───── Data segment ─────

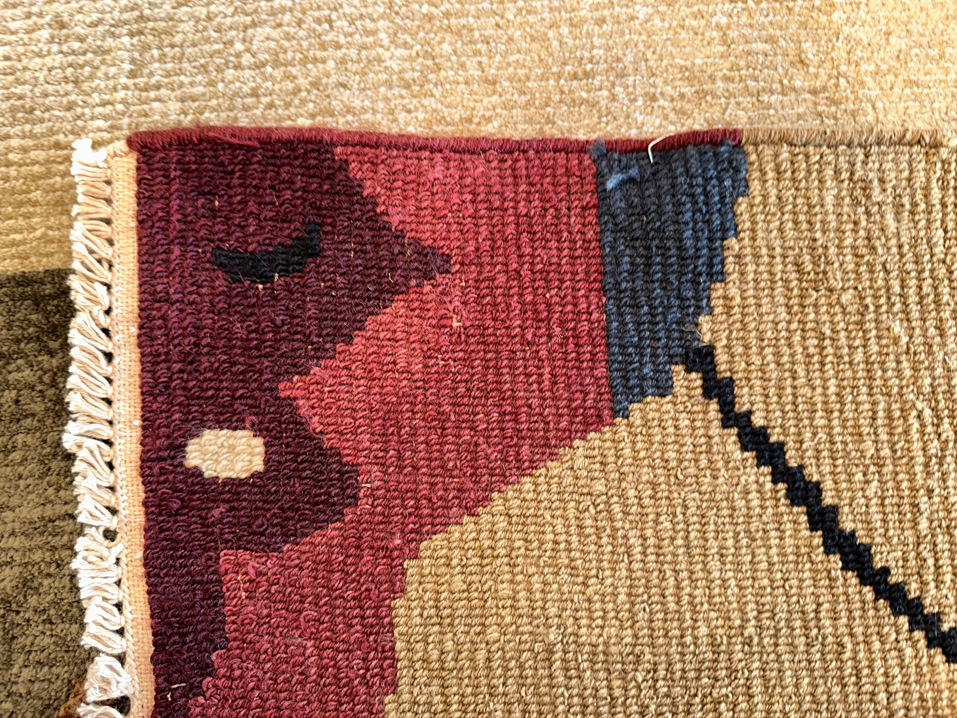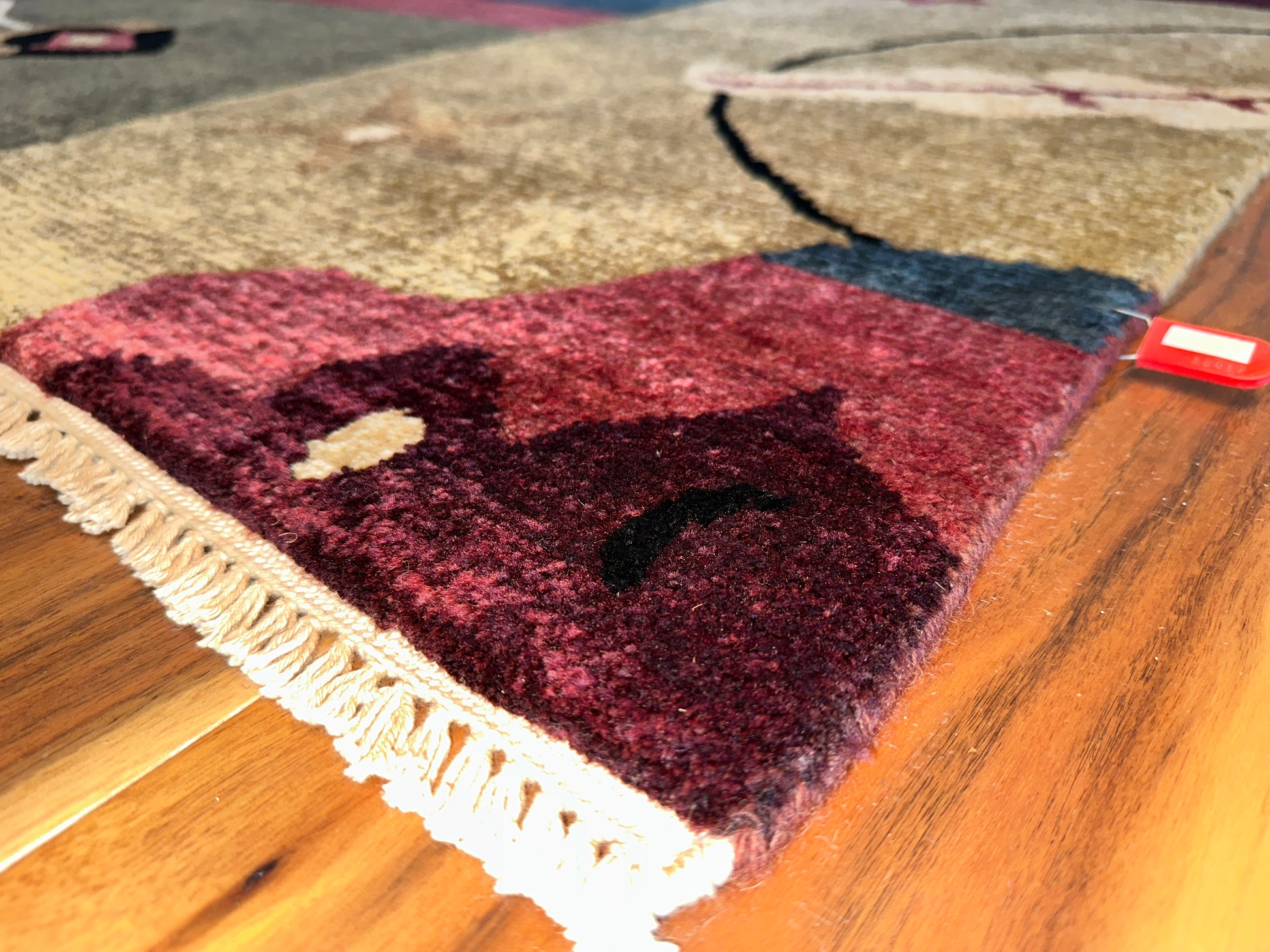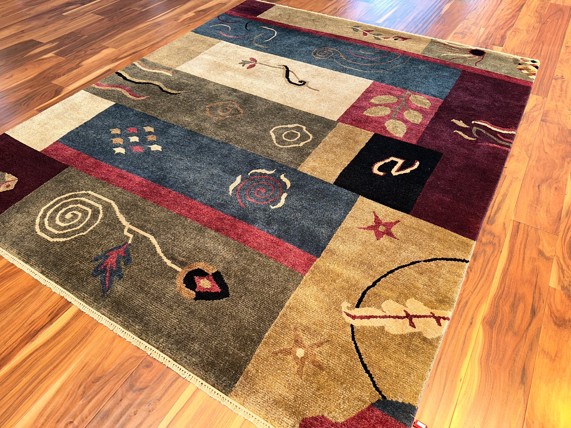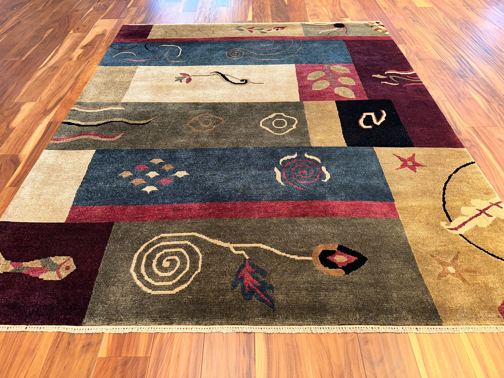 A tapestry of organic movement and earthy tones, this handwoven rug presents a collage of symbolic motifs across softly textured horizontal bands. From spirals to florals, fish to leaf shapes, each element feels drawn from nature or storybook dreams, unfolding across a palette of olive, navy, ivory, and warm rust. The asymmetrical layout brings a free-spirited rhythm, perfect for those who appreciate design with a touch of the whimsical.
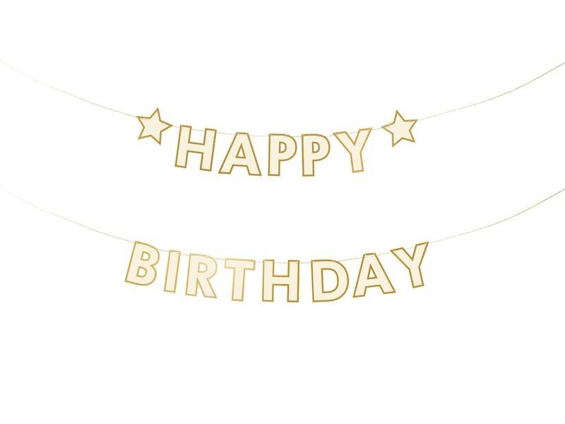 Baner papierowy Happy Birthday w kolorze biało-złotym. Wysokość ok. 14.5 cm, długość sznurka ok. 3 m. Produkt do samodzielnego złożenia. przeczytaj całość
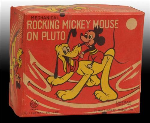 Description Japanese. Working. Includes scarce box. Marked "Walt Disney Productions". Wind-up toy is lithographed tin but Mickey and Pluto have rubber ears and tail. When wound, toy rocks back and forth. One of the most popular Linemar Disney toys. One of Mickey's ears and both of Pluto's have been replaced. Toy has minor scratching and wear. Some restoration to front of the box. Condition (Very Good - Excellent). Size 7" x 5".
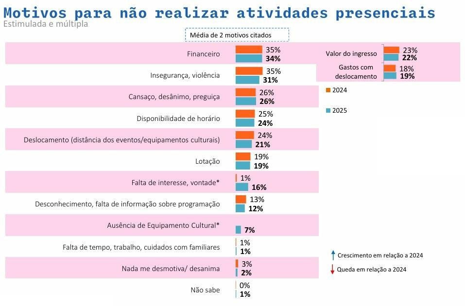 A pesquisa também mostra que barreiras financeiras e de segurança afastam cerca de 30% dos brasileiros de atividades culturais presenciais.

─────

**Work to be completed**
Your job is to reproduce the material exactly. Keep pictures out of it.

**Solution to the exercise**
 A tapestry of organic movement and earthy tones, this handwoven rug presents a collage of symbolic motifs across softly textured horizontal bands. From spirals to florals, fish to leaf shapes, each element feels drawn from nature or storybook dreams, unfolding across a palette of olive, navy, ivory, and warm rust. The asymmetrical layout brings a free-spirited rhythm, perfect for those who appreciate design with a touch of the whimsical.
 Baner papierowy Happy Birthday w kolorze biało-złotym. Wysokość ok. 14.5 cm, długość sznurka ok. 3 m. Produkt do samodzielnego złożenia. przeczytaj całość
 Description Japanese. Working. Includes scarce box. Marked "Walt Disney Productions". Wind-up toy is lithographed tin but Mickey and Pluto have rubber ears and tail. When wound, toy rocks back and forth. One of the most popular Linemar Disney toys. One of Mickey's ears and both of Pluto's have been replaced. Toy has minor scratching and wear. Some restoration to front of the box. Condition (Very Good - Excellent). Size 7" x 5".
 A pesquisa também mostra que barreiras financeiras e de segurança afastam cerca de 30% dos brasileiros de atividades culturais presenciais.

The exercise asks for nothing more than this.